WASHINGTON - Opening the door to a potentially historic step in the nation's gay rights movement, the U.S. Supreme Court on Dec. 10 agreed to decide two constitutional challenges involving same-sex ?marriage.

The justices will review a decision by the U.S. Court of Appeals for the Second Circuit holding unconstitutional a section of the Defense of Marriage Act that defines marriage, for federal government purposes, as exclusively a union between one man and one woman (NYLJ, Oct. 19).

The challenge to DOMA was brought by Edith Windsor, an 83-year-old New Yorker who was forced to pay more than $363,000 in federal estate taxes after the death of Thea Seyer, whom she had married in Canada.

Windsor would not have had to pay any estate taxes if their marriage had been treated the same way as heterosexual couples.
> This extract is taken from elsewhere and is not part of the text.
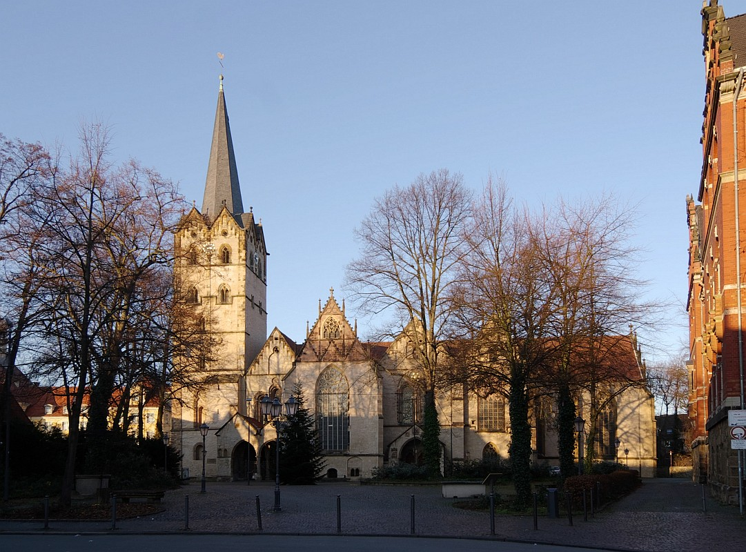 Münsterkirche in town of Herford, District of Herford, North Rhine-Westphalia, Germany.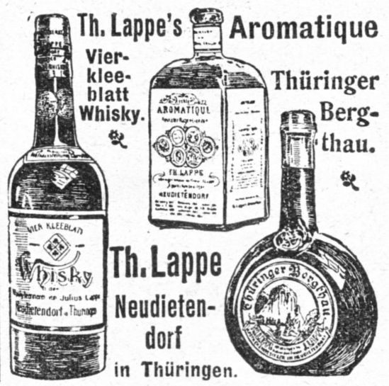 Advertisement Th. Lappe Neudietendorf

The news was welcomed by lawyers for Windsor who successfully argued her case, first before Southern District Judge Barbara Jones (See Profile) and then before the Second Circuit: Roberta Kaplan of Paul, Weiss, Rifkind, Wharton & Garrison and James Esseks of the American Civil Liberties Union.
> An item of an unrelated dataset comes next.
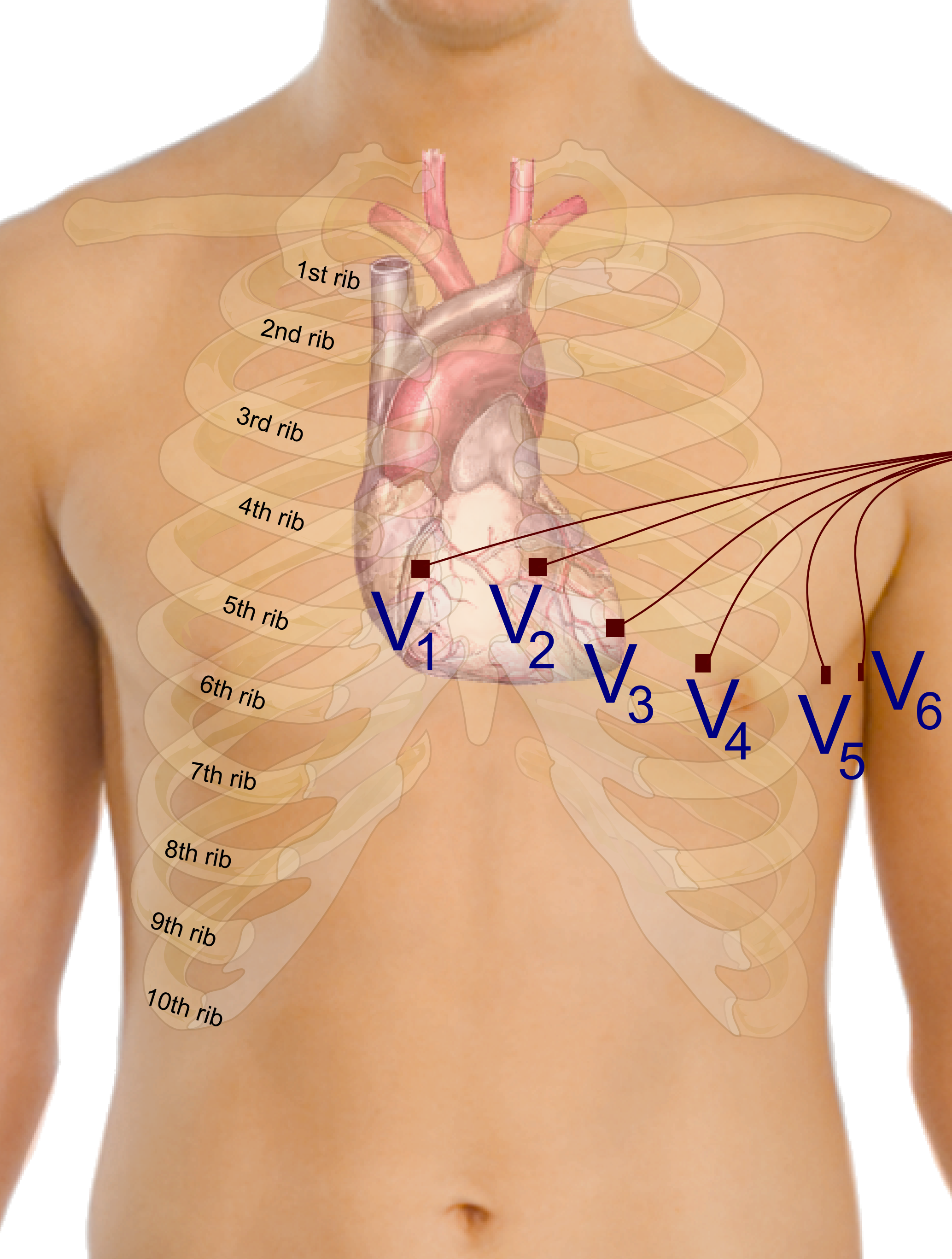 Placement of the precordial leads in electrocardiography.

Kaplan, who will argue Windsor's case at the Supreme Court in March—her first argument before the high court—said her client was "clearly thrilled."
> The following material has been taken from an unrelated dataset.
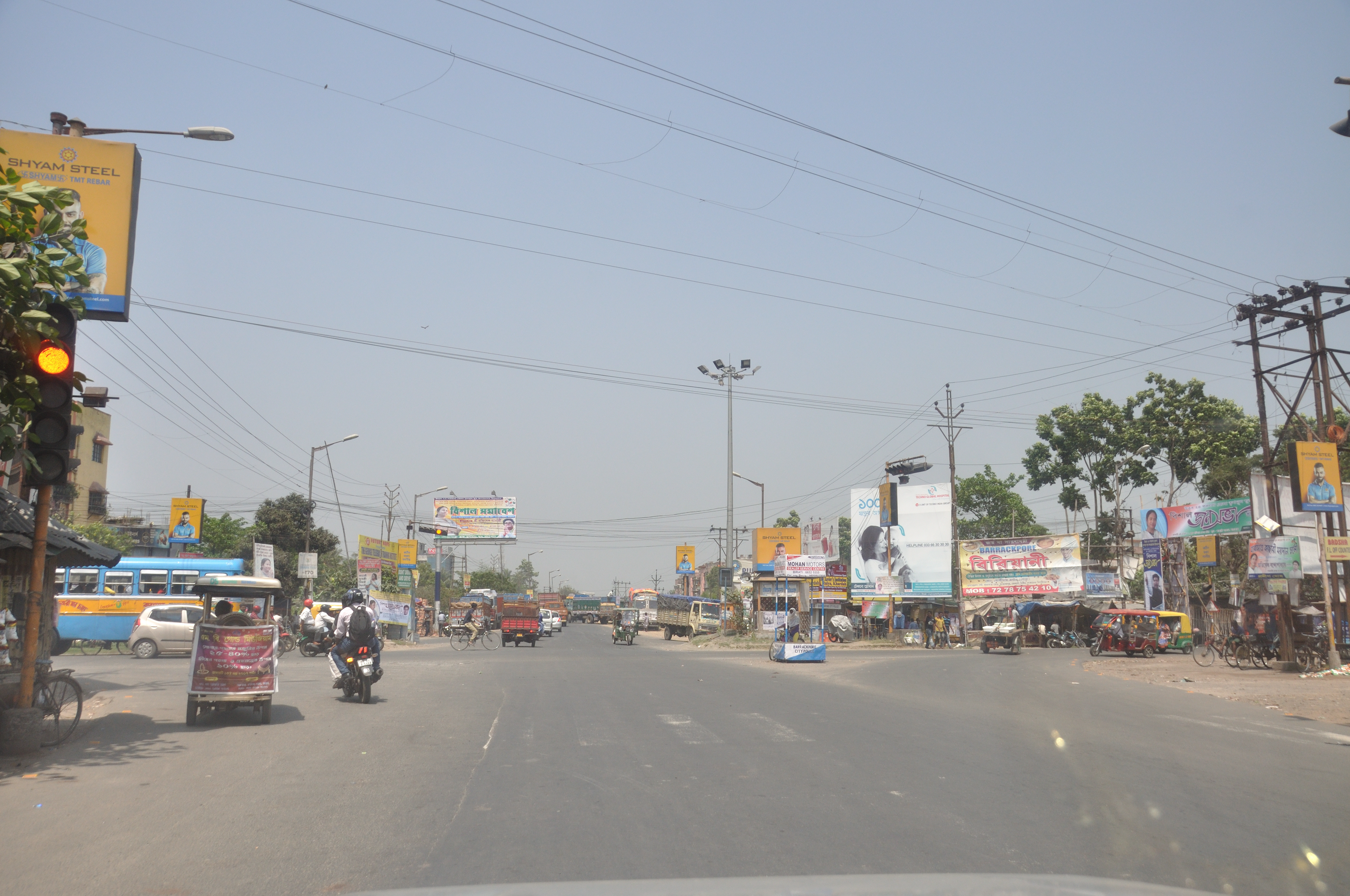 This photograph was taken in North 24 Parganas, West Bengal.

"She's had a long fight," said Kaplan. "She's been fighting for this for over half a lifetime" of "living with discrimination."

"When Thea and I met nearly 50 years ago, we never could have dreamed that the story of our life together would be before the Supreme Court as an example of why gay married couples should be treated equally, and not like second-class citizens," Windsor said in a statement issued by the ACLU. "While Thea is no longer alive, I know how proud she would have been to see this day. The truth is, I never expected any less from my country."

The second case accepted by the court is Hollingsworth v. Perry, which asks whether the Constitution's Fourteenth Amendment bars California from defining marriage as between one man and one woman.

The California case involves a challenge to Proposition 8, a ballot proposition that ended same-sex marriage after the California Supreme Court had recognized it.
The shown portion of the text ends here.